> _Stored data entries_
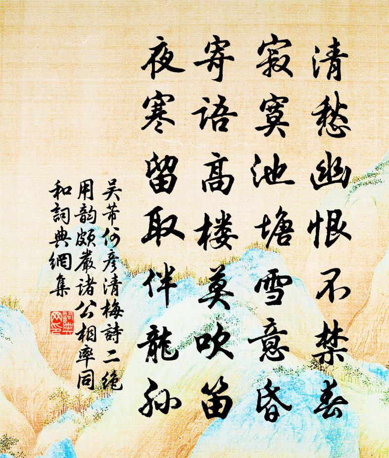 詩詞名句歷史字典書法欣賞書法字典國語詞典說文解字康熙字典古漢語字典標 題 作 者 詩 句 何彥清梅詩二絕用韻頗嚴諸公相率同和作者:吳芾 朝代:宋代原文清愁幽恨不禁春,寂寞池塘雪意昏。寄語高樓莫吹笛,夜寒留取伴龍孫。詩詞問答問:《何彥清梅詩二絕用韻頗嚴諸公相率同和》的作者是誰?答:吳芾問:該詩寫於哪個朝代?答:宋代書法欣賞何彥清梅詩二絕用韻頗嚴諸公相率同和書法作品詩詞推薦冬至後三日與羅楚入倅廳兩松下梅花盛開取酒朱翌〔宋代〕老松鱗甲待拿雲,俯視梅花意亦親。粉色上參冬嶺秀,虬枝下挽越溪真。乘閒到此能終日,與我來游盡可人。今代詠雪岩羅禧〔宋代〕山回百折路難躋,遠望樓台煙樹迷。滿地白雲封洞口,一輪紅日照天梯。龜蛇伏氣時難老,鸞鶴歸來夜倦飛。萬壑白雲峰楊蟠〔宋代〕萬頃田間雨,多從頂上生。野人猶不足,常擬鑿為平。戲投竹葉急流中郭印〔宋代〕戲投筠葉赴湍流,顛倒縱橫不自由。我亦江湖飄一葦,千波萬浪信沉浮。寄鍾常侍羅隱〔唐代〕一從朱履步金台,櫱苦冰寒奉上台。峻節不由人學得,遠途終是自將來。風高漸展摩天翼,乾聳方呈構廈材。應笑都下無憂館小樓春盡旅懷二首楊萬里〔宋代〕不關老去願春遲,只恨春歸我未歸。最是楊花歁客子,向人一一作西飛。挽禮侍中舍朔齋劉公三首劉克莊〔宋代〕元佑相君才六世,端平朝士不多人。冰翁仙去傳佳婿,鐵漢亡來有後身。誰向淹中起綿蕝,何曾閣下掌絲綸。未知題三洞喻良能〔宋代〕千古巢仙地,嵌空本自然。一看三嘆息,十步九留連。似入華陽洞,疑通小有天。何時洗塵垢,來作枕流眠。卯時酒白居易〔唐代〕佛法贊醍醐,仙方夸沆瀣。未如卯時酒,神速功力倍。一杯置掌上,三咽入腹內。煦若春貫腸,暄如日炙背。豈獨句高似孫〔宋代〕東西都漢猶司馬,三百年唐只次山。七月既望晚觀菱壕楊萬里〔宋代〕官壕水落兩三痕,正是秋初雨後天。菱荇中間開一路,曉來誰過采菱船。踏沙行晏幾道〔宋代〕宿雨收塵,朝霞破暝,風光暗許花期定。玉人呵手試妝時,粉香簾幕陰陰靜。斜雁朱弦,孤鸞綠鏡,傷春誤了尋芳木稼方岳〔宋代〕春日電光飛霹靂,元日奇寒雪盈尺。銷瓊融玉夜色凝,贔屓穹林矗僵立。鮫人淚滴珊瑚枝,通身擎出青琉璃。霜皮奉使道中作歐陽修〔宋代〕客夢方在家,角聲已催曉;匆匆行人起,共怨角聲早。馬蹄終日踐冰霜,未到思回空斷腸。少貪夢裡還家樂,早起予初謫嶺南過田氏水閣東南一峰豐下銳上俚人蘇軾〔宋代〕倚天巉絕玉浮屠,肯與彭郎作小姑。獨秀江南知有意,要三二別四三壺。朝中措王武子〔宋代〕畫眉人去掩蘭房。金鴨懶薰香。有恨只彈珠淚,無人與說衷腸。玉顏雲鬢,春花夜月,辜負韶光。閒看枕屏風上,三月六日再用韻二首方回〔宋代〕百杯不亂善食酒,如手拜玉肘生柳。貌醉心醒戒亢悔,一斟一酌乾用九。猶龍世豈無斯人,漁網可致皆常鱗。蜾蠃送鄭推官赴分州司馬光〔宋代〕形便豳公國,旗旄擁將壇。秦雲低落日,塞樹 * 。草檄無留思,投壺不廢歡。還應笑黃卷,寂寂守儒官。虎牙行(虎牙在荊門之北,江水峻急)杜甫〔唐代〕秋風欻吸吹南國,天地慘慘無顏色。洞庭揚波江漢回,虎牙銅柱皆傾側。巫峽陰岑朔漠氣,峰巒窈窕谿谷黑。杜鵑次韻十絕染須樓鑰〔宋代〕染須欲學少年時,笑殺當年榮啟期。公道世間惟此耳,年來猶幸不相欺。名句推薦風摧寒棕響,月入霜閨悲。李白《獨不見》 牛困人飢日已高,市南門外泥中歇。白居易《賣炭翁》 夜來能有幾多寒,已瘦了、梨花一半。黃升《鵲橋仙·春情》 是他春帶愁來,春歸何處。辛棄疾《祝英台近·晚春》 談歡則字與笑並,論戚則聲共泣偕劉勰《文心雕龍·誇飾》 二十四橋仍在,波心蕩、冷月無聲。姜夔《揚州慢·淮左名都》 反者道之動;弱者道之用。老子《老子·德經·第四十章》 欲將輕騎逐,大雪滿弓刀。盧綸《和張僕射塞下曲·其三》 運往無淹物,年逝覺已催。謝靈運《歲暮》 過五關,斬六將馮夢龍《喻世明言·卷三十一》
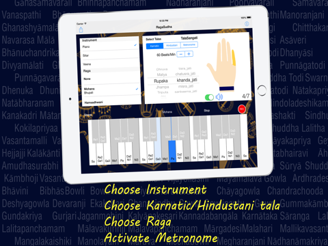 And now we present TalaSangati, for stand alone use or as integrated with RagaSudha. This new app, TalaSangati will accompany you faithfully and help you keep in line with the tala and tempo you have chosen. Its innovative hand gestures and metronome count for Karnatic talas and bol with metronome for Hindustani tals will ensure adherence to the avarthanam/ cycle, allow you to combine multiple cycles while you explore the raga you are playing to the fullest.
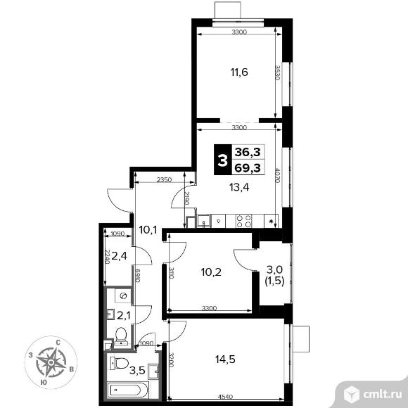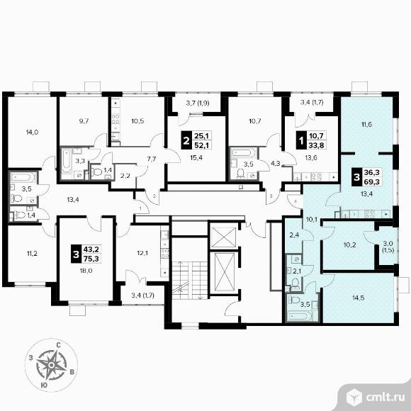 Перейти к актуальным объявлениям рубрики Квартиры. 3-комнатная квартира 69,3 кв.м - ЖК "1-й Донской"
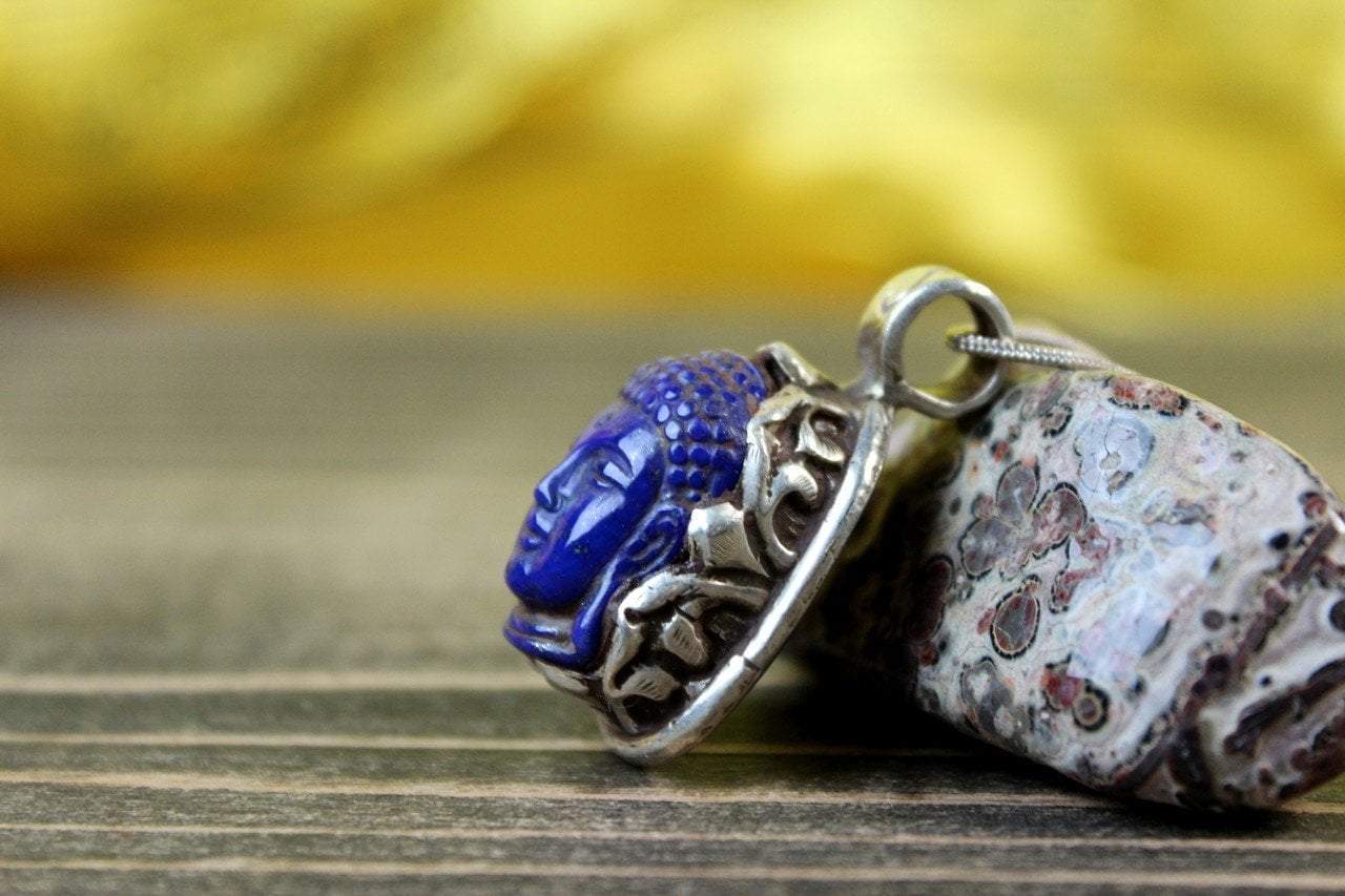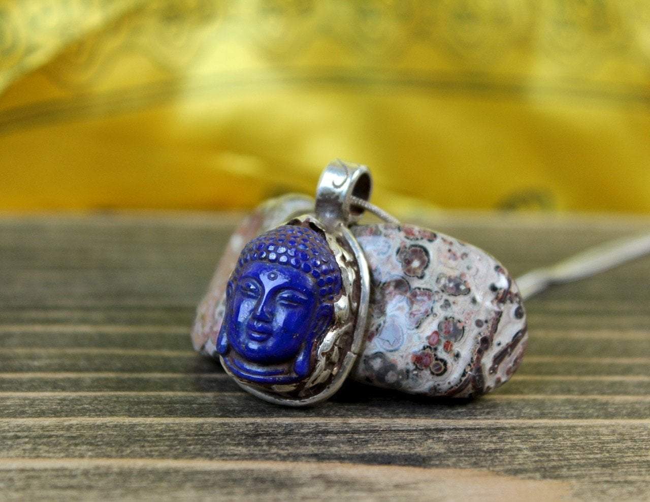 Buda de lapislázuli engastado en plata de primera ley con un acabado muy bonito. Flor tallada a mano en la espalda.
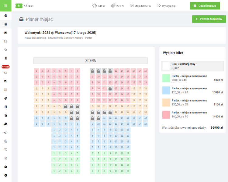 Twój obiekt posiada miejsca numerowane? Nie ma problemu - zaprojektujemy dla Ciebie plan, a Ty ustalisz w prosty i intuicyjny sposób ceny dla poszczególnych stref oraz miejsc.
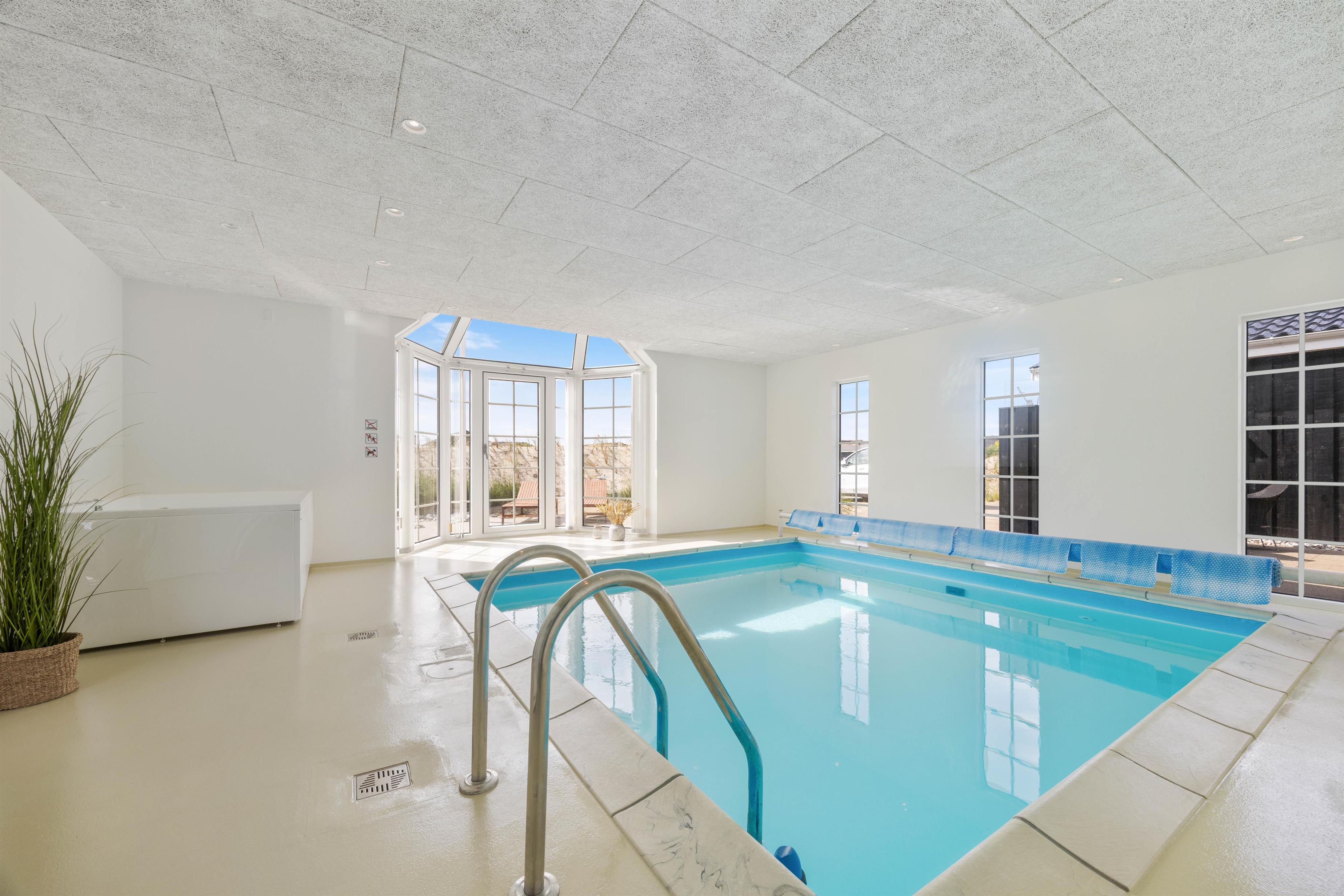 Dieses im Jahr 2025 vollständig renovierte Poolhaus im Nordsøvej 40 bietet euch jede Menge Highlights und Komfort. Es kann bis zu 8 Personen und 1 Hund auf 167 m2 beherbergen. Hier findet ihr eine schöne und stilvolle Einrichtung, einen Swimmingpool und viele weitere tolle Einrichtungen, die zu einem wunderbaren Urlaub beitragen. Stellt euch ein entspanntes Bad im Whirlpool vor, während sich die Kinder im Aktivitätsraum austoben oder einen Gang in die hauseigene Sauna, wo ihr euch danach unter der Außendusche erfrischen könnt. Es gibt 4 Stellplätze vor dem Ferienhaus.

> _Work required_
I'd like every record transcribed exactly, with no pictures carried over.

> _Answer_
 詩詞名句歷史字典書法欣賞書法字典國語詞典說文解字康熙字典古漢語字典標 題 作 者 詩 句 何彥清梅詩二絕用韻頗嚴諸公相率同和作者:吳芾 朝代:宋代原文清愁幽恨不禁春,寂寞池塘雪意昏。寄語高樓莫吹笛,夜寒留取伴龍孫。詩詞問答問:《何彥清梅詩二絕用韻頗嚴諸公相率同和》的作者是誰?答:吳芾問:該詩寫於哪個朝代?答:宋代書法欣賞何彥清梅詩二絕用韻頗嚴諸公相率同和書法作品詩詞推薦冬至後三日與羅楚入倅廳兩松下梅花盛開取酒朱翌〔宋代〕老松鱗甲待拿雲,俯視梅花意亦親。粉色上參冬嶺秀,虬枝下挽越溪真。乘閒到此能終日,與我來游盡可人。今代詠雪岩羅禧〔宋代〕山回百折路難躋,遠望樓台煙樹迷。滿地白雲封洞口,一輪紅日照天梯。龜蛇伏氣時難老,鸞鶴歸來夜倦飛。萬壑白雲峰楊蟠〔宋代〕萬頃田間雨,多從頂上生。野人猶不足,常擬鑿為平。戲投竹葉急流中郭印〔宋代〕戲投筠葉赴湍流,顛倒縱橫不自由。我亦江湖飄一葦,千波萬浪信沉浮。寄鍾常侍羅隱〔唐代〕一從朱履步金台,櫱苦冰寒奉上台。峻節不由人學得,遠途終是自將來。風高漸展摩天翼,乾聳方呈構廈材。應笑都下無憂館小樓春盡旅懷二首楊萬里〔宋代〕不關老去願春遲,只恨春歸我未歸。最是楊花歁客子,向人一一作西飛。挽禮侍中舍朔齋劉公三首劉克莊〔宋代〕元佑相君才六世,端平朝士不多人。冰翁仙去傳佳婿,鐵漢亡來有後身。誰向淹中起綿蕝,何曾閣下掌絲綸。未知題三洞喻良能〔宋代〕千古巢仙地,嵌空本自然。一看三嘆息,十步九留連。似入華陽洞,疑通小有天。何時洗塵垢,來作枕流眠。卯時酒白居易〔唐代〕佛法贊醍醐,仙方夸沆瀣。未如卯時酒,神速功力倍。一杯置掌上,三咽入腹內。煦若春貫腸,暄如日炙背。豈獨句高似孫〔宋代〕東西都漢猶司馬,三百年唐只次山。七月既望晚觀菱壕楊萬里〔宋代〕官壕水落兩三痕,正是秋初雨後天。菱荇中間開一路,曉來誰過采菱船。踏沙行晏幾道〔宋代〕宿雨收塵,朝霞破暝,風光暗許花期定。玉人呵手試妝時,粉香簾幕陰陰靜。斜雁朱弦,孤鸞綠鏡,傷春誤了尋芳木稼方岳〔宋代〕春日電光飛霹靂,元日奇寒雪盈尺。銷瓊融玉夜色凝,贔屓穹林矗僵立。鮫人淚滴珊瑚枝,通身擎出青琉璃。霜皮奉使道中作歐陽修〔宋代〕客夢方在家,角聲已催曉;匆匆行人起,共怨角聲早。馬蹄終日踐冰霜,未到思回空斷腸。少貪夢裡還家樂,早起予初謫嶺南過田氏水閣東南一峰豐下銳上俚人蘇軾〔宋代〕倚天巉絕玉浮屠,肯與彭郎作小姑。獨秀江南知有意,要三二別四三壺。朝中措王武子〔宋代〕畫眉人去掩蘭房。金鴨懶薰香。有恨只彈珠淚,無人與說衷腸。玉顏雲鬢,春花夜月,辜負韶光。閒看枕屏風上,三月六日再用韻二首方回〔宋代〕百杯不亂善食酒,如手拜玉肘生柳。貌醉心醒戒亢悔,一斟一酌乾用九。猶龍世豈無斯人,漁網可致皆常鱗。蜾蠃送鄭推官赴分州司馬光〔宋代〕形便豳公國,旗旄擁將壇。秦雲低落日,塞樹 * 。草檄無留思,投壺不廢歡。還應笑黃卷,寂寂守儒官。虎牙行(虎牙在荊門之北,江水峻急)杜甫〔唐代〕秋風欻吸吹南國,天地慘慘無顏色。洞庭揚波江漢回,虎牙銅柱皆傾側。巫峽陰岑朔漠氣,峰巒窈窕谿谷黑。杜鵑次韻十絕染須樓鑰〔宋代〕染須欲學少年時,笑殺當年榮啟期。公道世間惟此耳,年來猶幸不相欺。名句推薦風摧寒棕響,月入霜閨悲。李白《獨不見》 牛困人飢日已高,市南門外泥中歇。白居易《賣炭翁》 夜來能有幾多寒,已瘦了、梨花一半。黃升《鵲橋仙·春情》 是他春帶愁來,春歸何處。辛棄疾《祝英台近·晚春》 談歡則字與笑並,論戚則聲共泣偕劉勰《文心雕龍·誇飾》 二十四橋仍在,波心蕩、冷月無聲。姜夔《揚州慢·淮左名都》 反者道之動;弱者道之用。老子《老子·德經·第四十章》 欲將輕騎逐,大雪滿弓刀。盧綸《和張僕射塞下曲·其三》 運往無淹物,年逝覺已催。謝靈運《歲暮》 過五關,斬六將馮夢龍《喻世明言·卷三十一》
 And now we present TalaSangati, for stand alone use or as integrated with RagaSudha. This new app, TalaSangati will accompany you faithfully and help you keep in line with the tala and tempo you have chosen. Its innovative hand gestures and metronome count for Karnatic talas and bol with metronome for Hindustani tals will ensure adherence to the avarthanam/ cycle, allow you to combine multiple cycles while you explore the raga you are playing to the fullest.
 Перейти к актуальным объявлениям рубрики Квартиры. 3-комнатная квартира 69,3 кв.м - ЖК "1-й Донской"
 Buda de lapislázuli engastado en plata de primera ley con un acabado muy bonito. Flor tallada a mano en la espalda.
 Twój obiekt posiada miejsca numerowane? Nie ma problemu - zaprojektujemy dla Ciebie plan, a Ty ustalisz w prosty i intuicyjny sposób ceny dla poszczególnych stref oraz miejsc.
 Dieses im Jahr 2025 vollständig renovierte Poolhaus im Nordsøvej 40 bietet euch jede Menge Highlights und Komfort. Es kann bis zu 8 Personen und 1 Hund auf 167 m2 beherbergen. Hier findet ihr eine schöne und stilvolle Einrichtung, einen Swimmingpool und viele weitere tolle Einrichtungen, die zu einem wunderbaren Urlaub beitragen. Stellt euch ein entspanntes Bad im Whirlpool vor, während sich die Kinder im Aktivitätsraum austoben oder einen Gang in die hauseigene Sauna, wo ihr euch danach unter der Außendusche erfrischen könnt. Es gibt 4 Stellplätze vor dem Ferienhaus.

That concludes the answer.